▶ [Problem to work on] The listing is to be returned word for word, without its images.

** Opening Supplied material block **

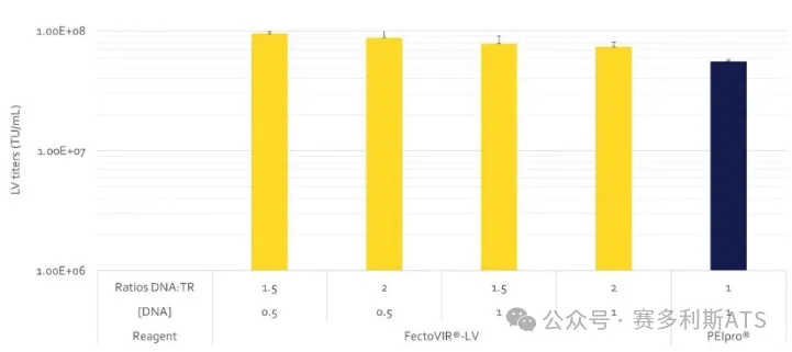 与其他市售用于慢病毒生产的转染试剂相比,FectoVIR®-LV可提高功能滴度达3倍。
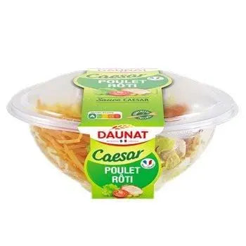 Salad 36%, cooked prepared cured roast chicken meat 16% (chicken meat origin FRANCE, sunflower oil, acidifiers: potassium lactate - sodium acetate, salt, stabilisers: Processed Euchema seaweed - triphosphates, dextrose, potato starch, brown sugar, spirit vinegar, antioxidant: sodium ascorbate), corn 14% (corn, sugar, salt), Caesar sauce 14% [water, rapeseed oil, spirit vinegar, MUSTARD (water, MUSTARD seeds, spirit vinegar, salt), salt, sugar, CHEESE (MILK, salt, rennet), EGG yolk, garlic, natural flavouring (contains MILK), ANCHOVY powder, thickener : xanthan gum, pepper], carrot 13%, cherry tomato 6%, water, ferments. Information in bold for allergy sufferers. Possible traces of gluten, egg, fish, shellfish, celery, sesame seeds, soya, nuts.
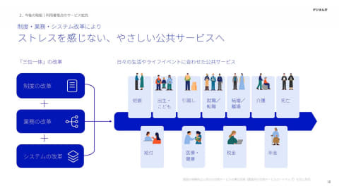 行政サービスのデジタル活用に向けた制度改革や業務改革、システム更新なども進め、「やさしい公共サービス」を目指す。
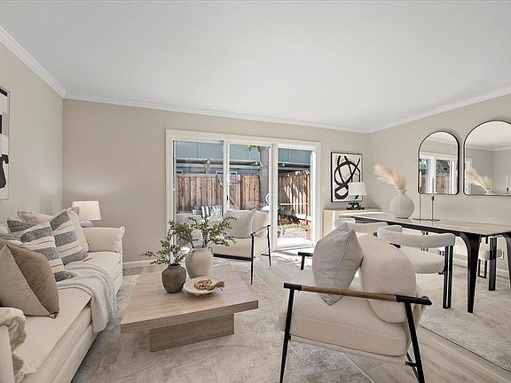 Step inside to discover a freshly painted interior, including new, stylish LVP flooring that enhances the home's inviting ambiance. The open-concept main level features a light-filled living/dining area and a refreshed kitchen designed for both daily living and effortless entertaining. A sliding glass door opens to a private south-facing patio surrounded by greenery - perfect for relaxing, gardening and gathering with friends. Upstairs there are two spacious bedrooms, a washer and dryer, a full bath and a generous walk-in closet. Additional highlights include access to a well-maintained heated community pool and extra storage. Nestled in a vibrant, walkable neighborhood, this home is close to top-rated schools (buyer to verify school eligibility), beautiful parks and scenic bike paths. Enjoy easy access to local shops, cafes and farmers markets, major tech employers such as Google, Apple and Meta, as well as convenient connections to Caltrain, highways and tech shuttle routes.

** Closing Supplied material block **

▶ [Task solution]
 与其他市售用于慢病毒生产的转染试剂相比,FectoVIR®-LV可提高功能滴度达3倍。
 Salad 36%, cooked prepared cured roast chicken meat 16% (chicken meat origin FRANCE, sunflower oil, acidifiers: potassium lactate - sodium acetate, salt, stabilisers: Processed Euchema seaweed - triphosphates, dextrose, potato starch, brown sugar, spirit vinegar, antioxidant: sodium ascorbate), corn 14% (corn, sugar, salt), Caesar sauce 14% [water, rapeseed oil, spirit vinegar, MUSTARD (water, MUSTARD seeds, spirit vinegar, salt), salt, sugar, CHEESE (MILK, salt, rennet), EGG yolk, garlic, natural flavouring (contains MILK), ANCHOVY powder, thickener : xanthan gum, pepper], carrot 13%, cherry tomato 6%, water, ferments. Information in bold for allergy sufferers. Possible traces of gluten, egg, fish, shellfish, celery, sesame seeds, soya, nuts.
 行政サービスのデジタル活用に向けた制度改革や業務改革、システム更新なども進め、「やさしい公共サービス」を目指す。
 Step inside to discover a freshly painted interior, including new, stylish LVP flooring that enhances the home's inviting ambiance. The open-concept main level features a light-filled living/dining area and a refreshed kitchen designed for both daily living and effortless entertaining. A sliding glass door opens to a private south-facing patio surrounded by greenery - perfect for relaxing, gardening and gathering with friends. Upstairs there are two spacious bedrooms, a washer and dryer, a full bath and a generous walk-in closet. Additional highlights include access to a well-maintained heated community pool and extra storage. Nestled in a vibrant, walkable neighborhood, this home is close to top-rated schools (buyer to verify school eligibility), beautiful parks and scenic bike paths. Enjoy easy access to local shops, cafes and farmers markets, major tech employers such as Google, Apple and Meta, as well as convenient connections to Caltrain, highways and tech shuttle routes.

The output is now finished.